Rhode Island Consumer Protection Act

On January 1, 2016, the Rhode Island Motor Vehicle Glass Consumer Protection Act (5-38.5) went into effect. Rhode Island becomes the second state in the union (after Connecticut) to regulate auto glass installation. This law requires that businesses offering auto glass replacement and repair be licensed by the state of Rhode Island.

Unlike the Connecticut law, which licenses technicians, Rhode Island licenses the business. In looking at the two laws I believe that the Connecticut law is a more effective law in consumer safety than the Rhode Island one. However, I feel both are a step in the right direction.

The interesting points of the law in Rhode Island is that the business itself must be “legitimate,” defined as having a physical location that can facilitate a safe installation, or if mobile, having a location where installations can be done in controlled conditions. It also makes reference to following ANSI standards relating to the replacement and repair of auto glass, although they don’t specifically mention the ANSI/AGSC/AGRSS™ Standard and Repair of Laminated Auto Glass Standard™ that the industry follows.

From reading the Rhode Island law, it seems that they are looking for the auto glass repair/replacement business to be a brick and mortar facility with a typical business plan. They require that subcontracted technicians must be affiliated with a licensed entity as well, thus discouraging non-employees from doing installations. Rhode Island is encouraging the more typical rather than creative business plans which they seem to feel could take advantage of the consumer.

The Connecticut law is very different. It requires the technician to acquire years of apprenticeship, training, study and eventually journeyman status. It holds the technician to a higher standard and level of performance. The beauty to this licensure is that the business only needs to check the license of the technician to be assured that the knowledge is there and management may be all that is needed. However, it may come at a price. A licensed technician will demand a higher wage but should be relatively productive day one. The technician without a license will be less expensive initially but would require training, development and a high degree of management oversight.

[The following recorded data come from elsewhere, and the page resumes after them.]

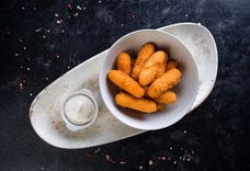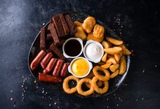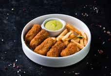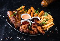 700 г • Куриные наггетсы, луковые кольца, картофельные дольки, охотничьи колбаски, гренки из бородинского хлеба с чесноком, соусы: грибной, сырный, темпур.
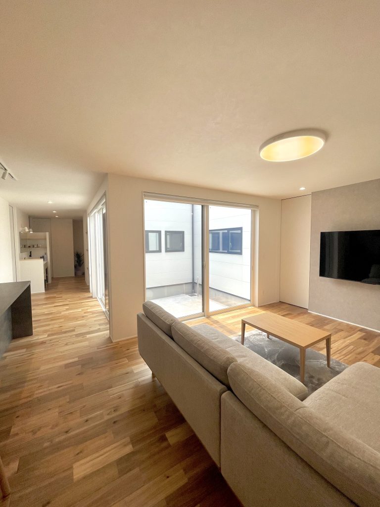 大きな開口から差し込む光が、無垢材の床にやさしく広がり、心地よい一体感を生み出しています。
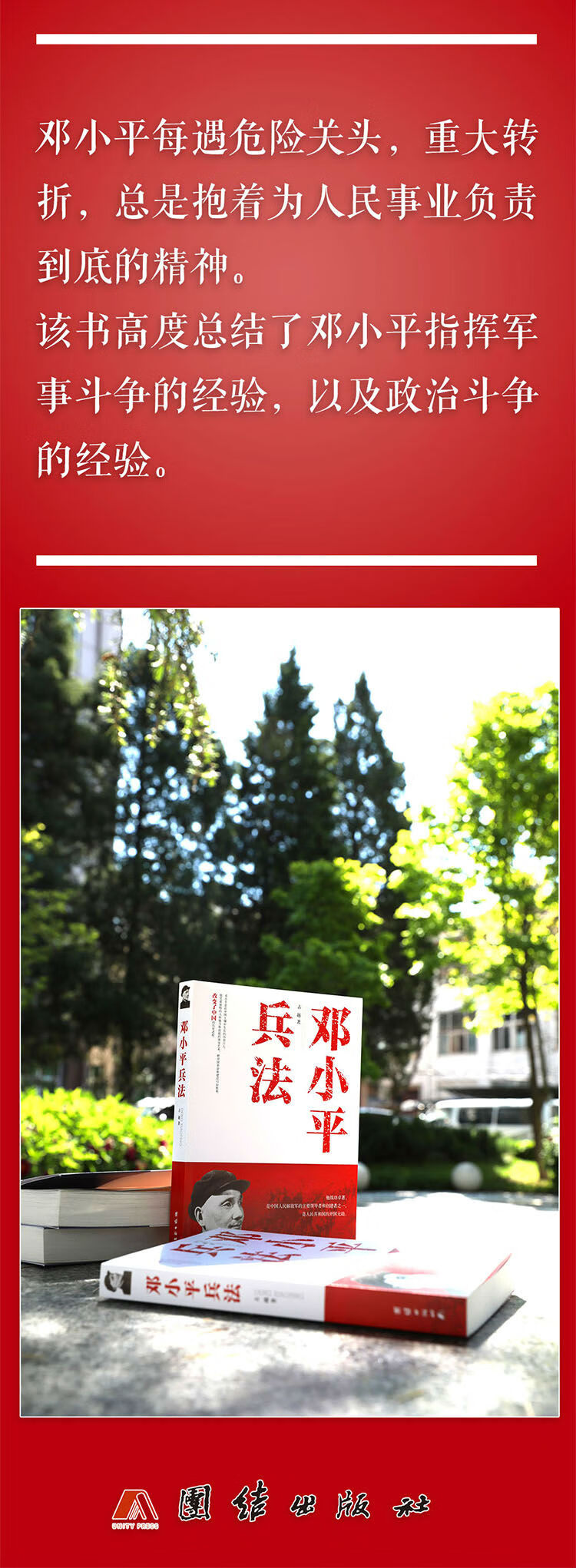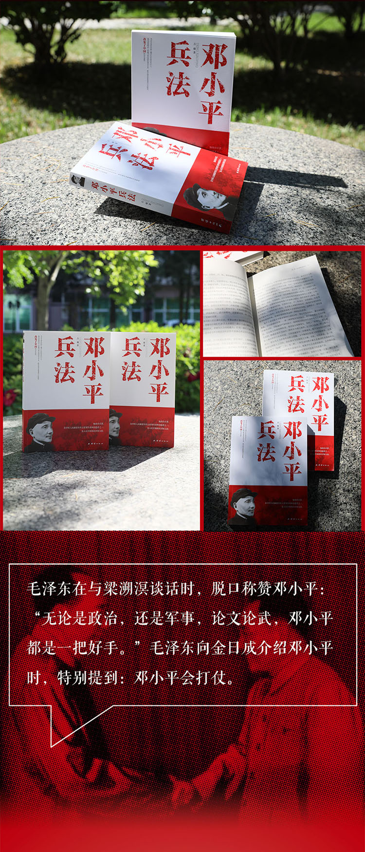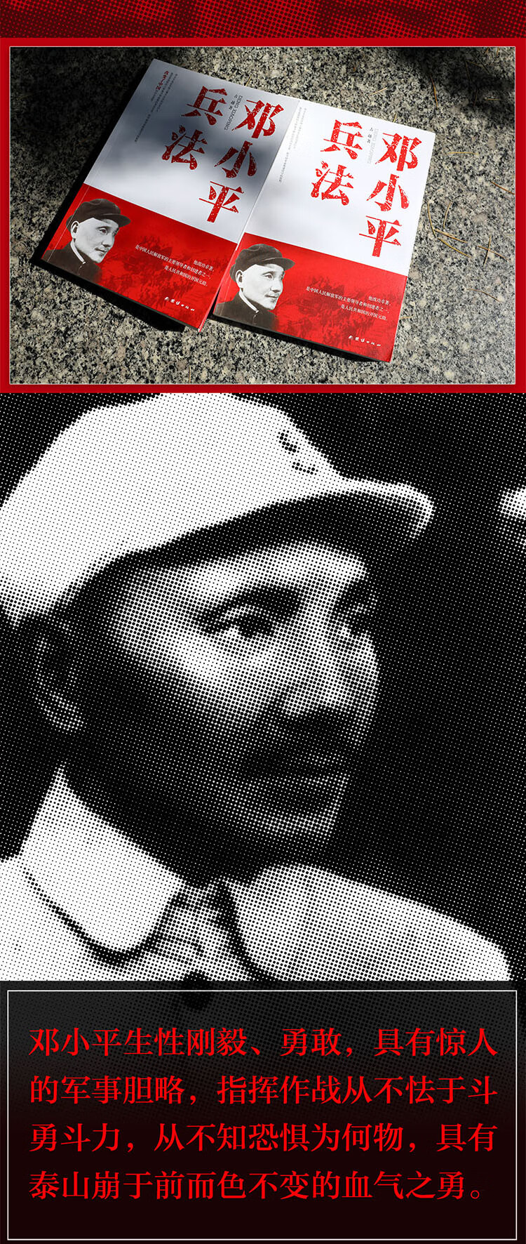 邓小平生性刚毅、勇敢,具有惊人的军事胆略,指挥作战从不怯于斗勇斗力,从不知恐惧为何物,具有泰山崩于前而色不变的血气之勇,领兵打仗讲究“秘密、迅速、坚决、干脆”,其指挥风格堪称勇猛顽强,敢打敢拼,敢与敌人斗勇斗狠。越是大仗、硬仗、恶仗来临,他越是精神百倍,从容镇定。他有一股超凡的硬劲、狠劲,不论面对多少凶恶的敌人,都敢于咬住不放,以己之长,击敌之短。每遇危险关头,重大转折,总是抱着为人民事业负责到底的精神。在长达 50 多年的革命生涯中,积累的经验最丰富、最全面,该书高度总结了邓小平指挥军事斗争的经验,以及政治斗争的经验。
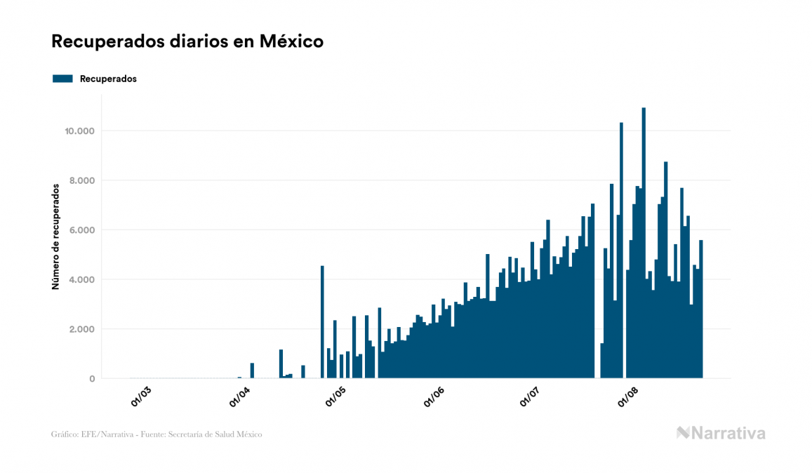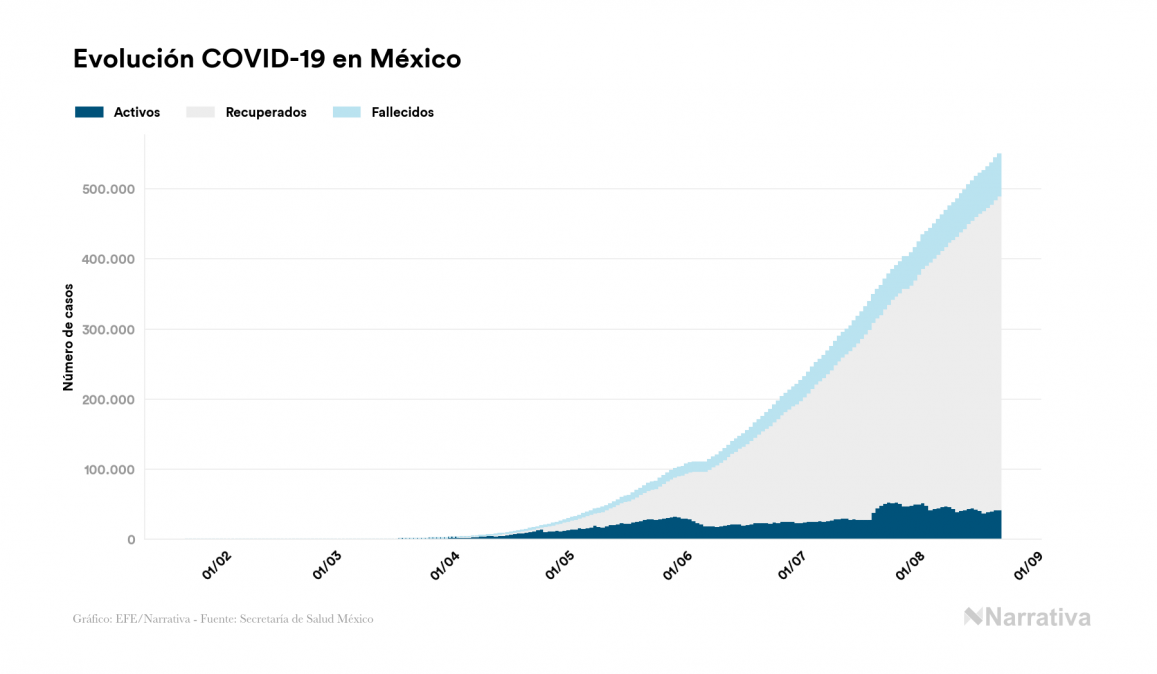 Según los últimos datos, actualmente en México hay 41.780 casos activos de COVID-19 tras confirmarse 5.928 nuevos positivos y 5.562 altas médicas este sábado. Desde el comienzo de la pandemia, el número total de contagiados asciende a 549.734, con 448.344 recuperados y 59.610 fallecidos.
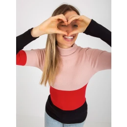 Jasnoróżowo-czarna bluzka basic z golfem w prążek .
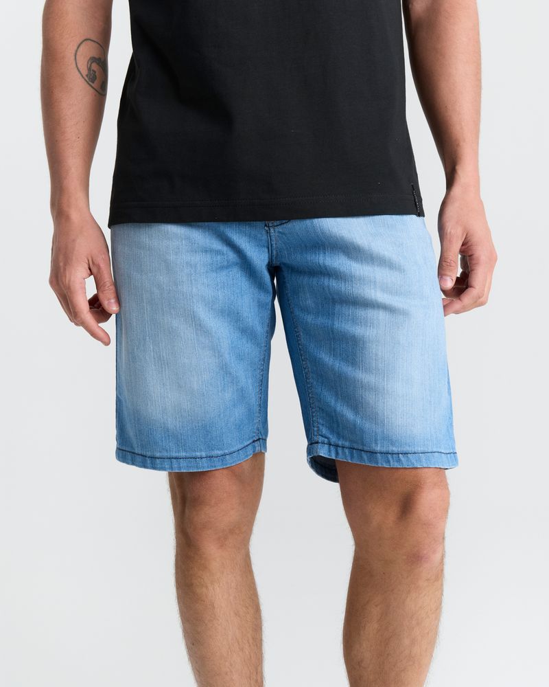 Bermuda de jean hombre, tiro intermedio, calce slim. Cartera con cierre. Bolsillos traseros bordados. Composición 98% Algodón 2% Elastano.
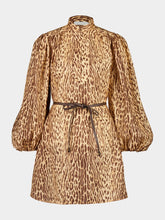 The Cascadian Tunic Mini Dress in Tan Leopard by Zimmermann is crafted from breathable linen, combining natural texture with a bold, graphic print. This relaxed mini silhouette features long sleeves with elasticated cuffs, an H-neckline with subtle gathers, and a softly flared hem for effortless movement. Designed for warm-weather ease, the striking leopard pattern adds a statement edge to this lightweight and versatile everyday piece.
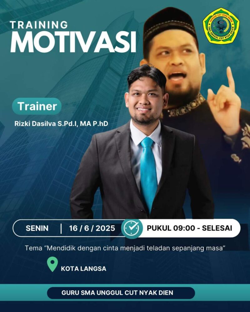 Kepala Sekolah SMA Unggul Cut Nyak Dhien (CND) Kota Langsa Muhammad Rizky, S.Pd., Gr.,C.ME.,C.LS.,C.SM dalam sambutannya mengatakan Training motivasi guru merupakan program pelatihan yang bertujuan untuk meningkatkan semangat dan kinerja guru dalam mengajar. Pelatihan ini membantu guru mengembangkan motivasi intrinsik, meningkatkan kreativitas, dan memperbarui metode pengajaran.
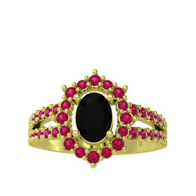Siyah zirkon ve rodolit garnet 8 ayar altın yüzük

I believe that the driving public has a right to a safe vehicle, when it is originally purchased, and after their glass has been replaced. The problem in most states is that that once the vehicle is purchased, there are few guarantees of safety in regards to auto glass replacement. Yes, our industry provides guidelines, standards and training, but, other than the two states mentioned above, there is no requirement in this country for practicing safety auto glass glazing.

There is a very low cost to entry into our industry. Anyone can start an auto glass replacement business with little or no knowledge of procedures, materials or skills in the art. All they need is a vehicle to transport the replacement materials, a tool box with some tools, a company name and a phone. At least in the states of Rhode Island and Connecticut, someone is looking out for the driving consumer. In the 48 other states it is “buyer beware.”

As a business owner, I am not a huge fan of government regulations. However, if a repair facility cannot provide assurances to the vehicle owner that the glass in their vehicle was installed according to vehicle manufacturers’ specifications and industry standards, then that facility should not be allowed to stay in business. That requires some weight of regulation and rule of law.